Deceleration Parameter Computation

[roam]

Hi everyone,

Can anyone point me into the right direction on how to compute the deceleration parameter ($q_0$) for a radiation dominated universe?

I know that q₀ is given by

$q_0=-\frac{\ddot{a}(t_0)}{a(t_0) H^2 (t_0)} = - \frac{\ddot{a}(t_0) a(t_0)}{\dot{a}^2(t_0)}=\frac{\Omega_0}{2}$​

So for a radiation dominated universe, we have $\omega = + \frac{1}{3}$. And ρ~1/a⁴, and a~t^1/2. I'm not sure how to relate this to that equation.

My notes say $\Omega _{rad} = 8.2 \times 10^-5$ but I'm not sure how this was calculated. How do I compute Ω₀=ρ/ρ_crit in this case? I know that ρ_crit=3H²/8πG, but what is the density ρ?

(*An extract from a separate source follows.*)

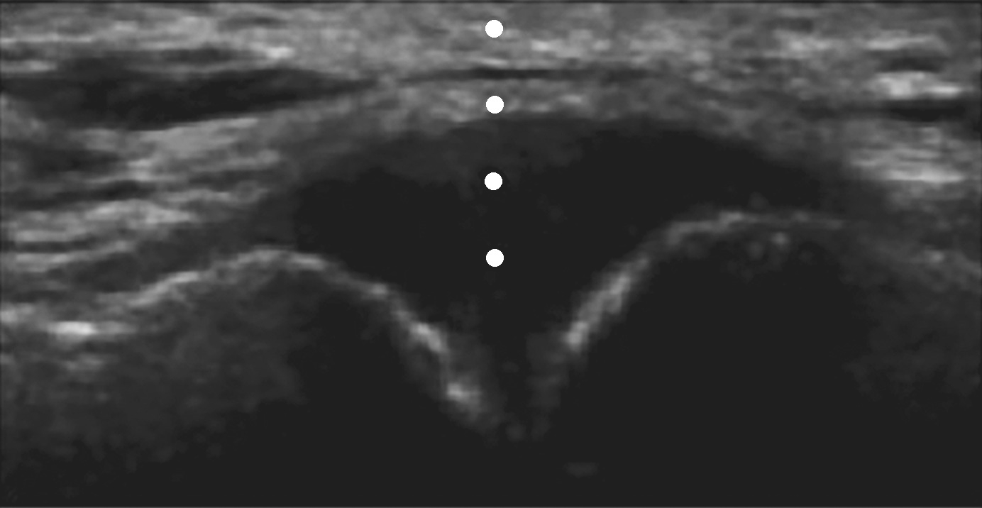 平面外进针法,圆点:进针过程中针尖出现的位置

Using that value I get the following but I'm not sure if it's correct:

$q_0 = \frac{\Omega_0}{2} = \frac{8.2 \times 10^-5}{2} = 4.1 \times 10^{-5}$.

I couldn't find any info on this computation online. So any help is greatly appreciated.

 

[bapowell]

You have a(t), and since H(t) = \dot{a}(t)/a(t) and q(t) is fully determined by a(t), you should be good to go...

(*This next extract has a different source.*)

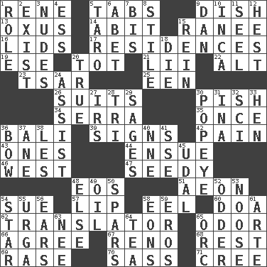 ACROSS 1. French philosopher Descartes 5. Bar bills 9. Food container 13. The longest river in Central Asia 14. "This won't hurt ____!" 15. Indian princess (variant) 16. Flaplike coverings 17. Homes 19. Compass dir. 20. Small child 21. Cards in a Roman deck? 22. Keyboard modifier key 23. Russian ruler of old 25. Car or cant ending 26. Sets of matching outer garments 30. Expression of disdain 34. Spanish missionary in California 35. Single time 36. Indonesian resort city 39. Attaches a signature 42. Ache 43. Singles 44. Take place subsequently 46. 270 degrees 47. Sleazy 48. Greek goddess of the dawn 51. Period of immesurable duration 54. Institute legal proceedings 57. Mouth edge 58. Snakelike fish 60. ___ good deed 62. Interpreter 65. Scent 66. Match 67. Western Nevada city 68. Take ten 69. To erase 70. Backtalk 71. Algonquian DOWN 1. Hero or heavy, e.g. 2. Be extant 3. Unadorned figures 4. Curvy letter 5. Pacific island yam 6. Collude with 7. Altar cloth linen 8. Vertical member of a panel or frame 9. Daniel's nick name 10. South American Indian 11. Sew up the eyelids of hawks and falcons 12. Behest 15. It's straight from the horse's mouth 18. Expire 20. Loyal 24. Aid 27. Big collection agency 28. Three (prefix) 29. Gurus 30. Wimpy's pal 31. _ tizzy (2 wds.) 32. _-fi 33. Layer 36. Arrow shooter 37. A saturated hydrocarbon 38. French article 40. Compass dir. 41. Compass dir. 45. Allodial 48. Otherwise 49. Lubricate 50. Practice fights 52. More peculiar 53. Trap for birds or small mammals 54. Play the lead 55. Capital and largest city of Mongolia 56. Hearing organs 58. Immeasurably long periods of time 59. Greek god of love 61. Johnson of "Laugh-In" 63. Born 64. Beverage made from leaves 65. The grampus (Milton)

Your value for \Omega_{rad} is the current radiation density in the actual universe, which isn't radiation dominated and not appropriate for use with w=1/3, etc.

 

[roam]

Thank you for the clarification regarding $\Omega$, it makes perfect sense now.

But I'm still not sure how the calculation goes (my book lacks any worked problems)

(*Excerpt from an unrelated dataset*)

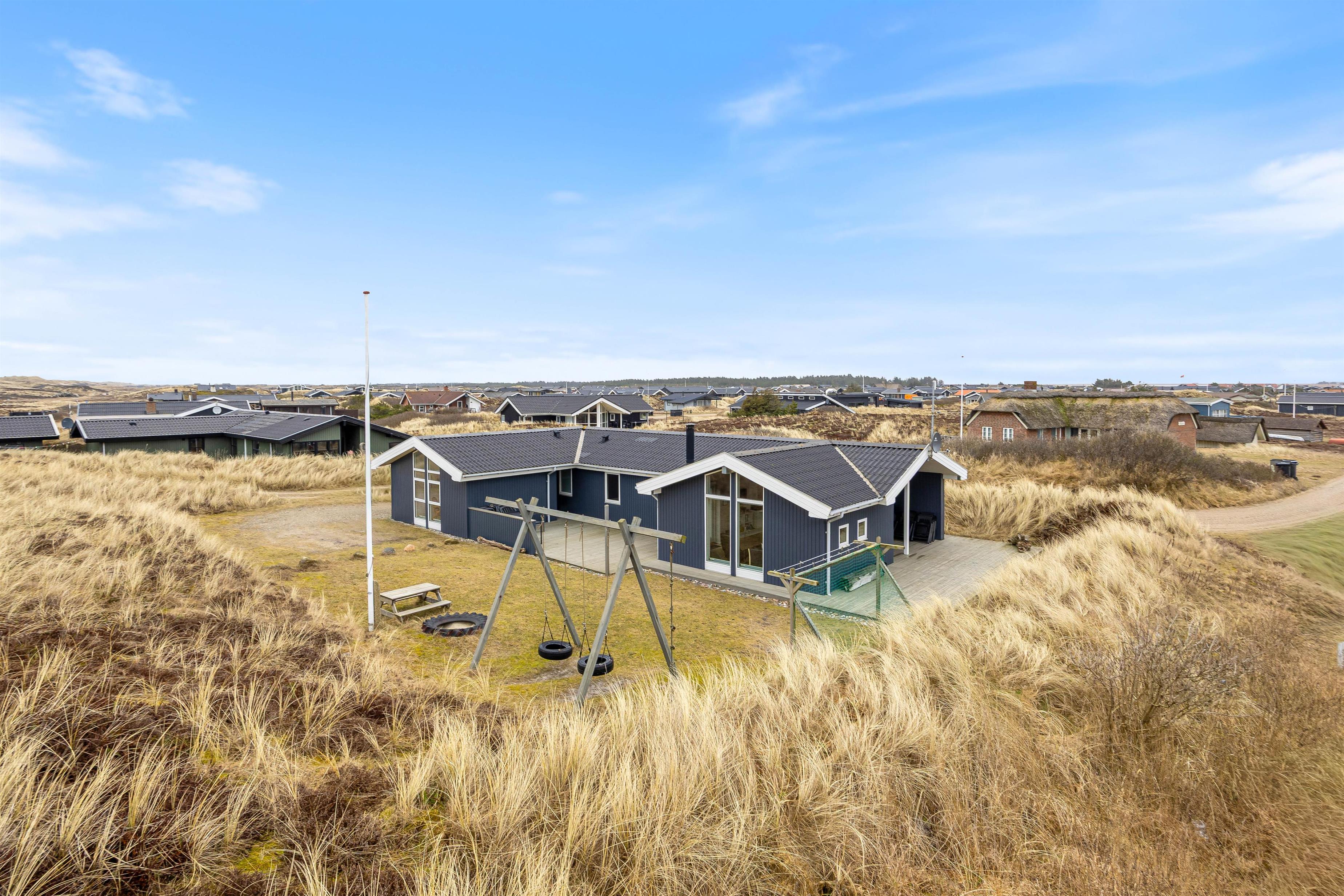 Bjerregård is a peaceful and scenic holiday area located between the North Sea and Ringkøbing Fjord, where the fresh sea air and wide sandy beaches create the perfect setting for relaxation and nature experiences. The area invites you to take long walks in the dunes, go cycling along the water, and enjoy cozy days at the beach. Nearby, you’ll find the charming harbor town of Hvide Sande, offering great restaurants, shops, and a lively harbor atmosphere, while Ringkøbing entices with its cobbled streets, small specialty shops, and authentic market town charm. At the same time, there is a short distance to a variety of exciting attractions and activities for both children and adults.

Since for a radiation dominated universe we had the scale factor a~t^1/2, with its time derivatives $\dot{a}=\frac{1}{2 t^{1/2}}$, and $\ddot{a}=\frac{-1}{4t^{3/2}}$, then

$q_0 = \frac{\ddot{a}}{a \left( \dot{a}/a \right)} = \frac{-1}{16t^{6/2}}$

Is this correct?

 

[Chalnoth]

A radiation-dominated universe is one where \Omega_{rad} is very close to one. I haven't checked your math at all, but hopefully that helps you get the right answer.

 

[George Jones]

A radiation-dominated universe has positive deceleration (negative acceleration).

Since for a radiation dominated universe we had the scale factor a~t^1/2, with its time derivatives $\dot{a}=\frac{1}{2 t^{1/2}}$, and $\ddot{a}=\frac{-1}{4t^{3/2}}$, then

$q_0 = \frac{\ddot{a}}{a \left( \dot{a}/a \right)} = \frac{-1}{16t^{6/2}}$

Is this correct?

You forgot the initial minus sign.

 

[roam]

Thank you very much. :)